Tech

This ‘failed’ TV show is a terrible idea — Unless it’s a comedy


Since the cat belong to Zero Wing made the strangely worded threat “all your bases belong to us” about 30 years ago, writing in video games was received with varying degrees of enthusiasm. Often, it is denounced as quirky, contrived, and simply pointless. At the same time, it has become a much-loved, instantly recognizable genre. While the earliest visual bad dialog mainly stems from poor translation—As Magneto in the 1992 X-Men video game introduces himself as “Magneto, master of magnets!” and shouted “Welcome… die!” – a lot of the lines are terrible in themselves: Peter Dinklage, for example, has attempted to take a subtle approach to the lines he has been incorporated into. Life and sounded unmistakably as if he had been drugged.

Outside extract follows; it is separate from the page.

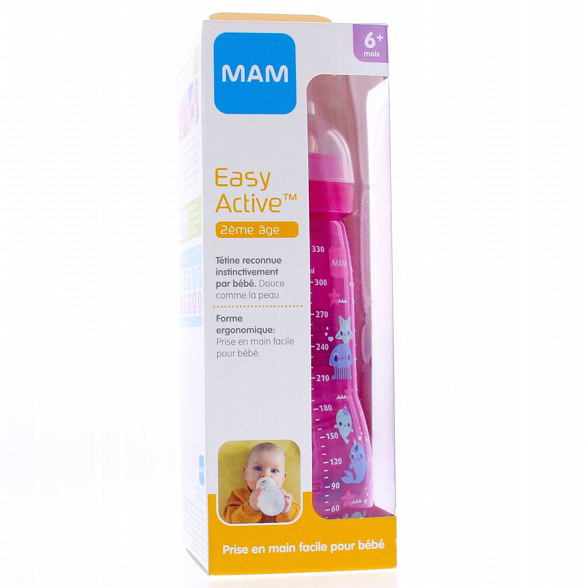 MAM Easy Active - Biberon 2ème âge 330ml rose pieuvre

Notoriously, Hollywood has spent billions of dollars trying to adapt game franchises into movies and TV shows, but it’s been decades since a glasses-wearing Dennis Hopper terrorized children around the world. world when in turn became Nintendo’s Bowser, it still was unsuccessful. The newest show about to embark on this quest? Fall out. News broke Earlier this month, Amazon was working on an adaptation of Bethesda’s game franchise, and on paper it’s a post-apocalyptic, retro-future wasteland — a bombed-out version of Don Draper’s Manhattan, with Robot butler – sounds like a prestige TV slam dunk TV. But here’s the thing: The creator of the game has done more to promote the idea that video game writing is worse than any other modern studio. Are from angry orphans in Fall out arrive lustful argonian maids in The Elder Scrollscharacters often participate in what players, who catalog moments on YouTube, call the “Bethesda dialog”. Endless For example great number of. Fallout 4 111,000 lines were recorded alone, and now some less fortunate screenwriters will have to interweave the dire plots of the franchise with seven-foot-tall yellow mutants bickering over who has to. “collect more humans. ”

This does not mean it is not possible. Transferring the franchise to TV will allow the show’s writers to fine-tune the slick exchanges and capture the series’ epic lore, but sometimes delivering an idea is cluttered. More blank just makes more clutter. Instead, to really adapt to what Bethesda went through Fall out There may be only one solution: Turn it into a surreal comedy.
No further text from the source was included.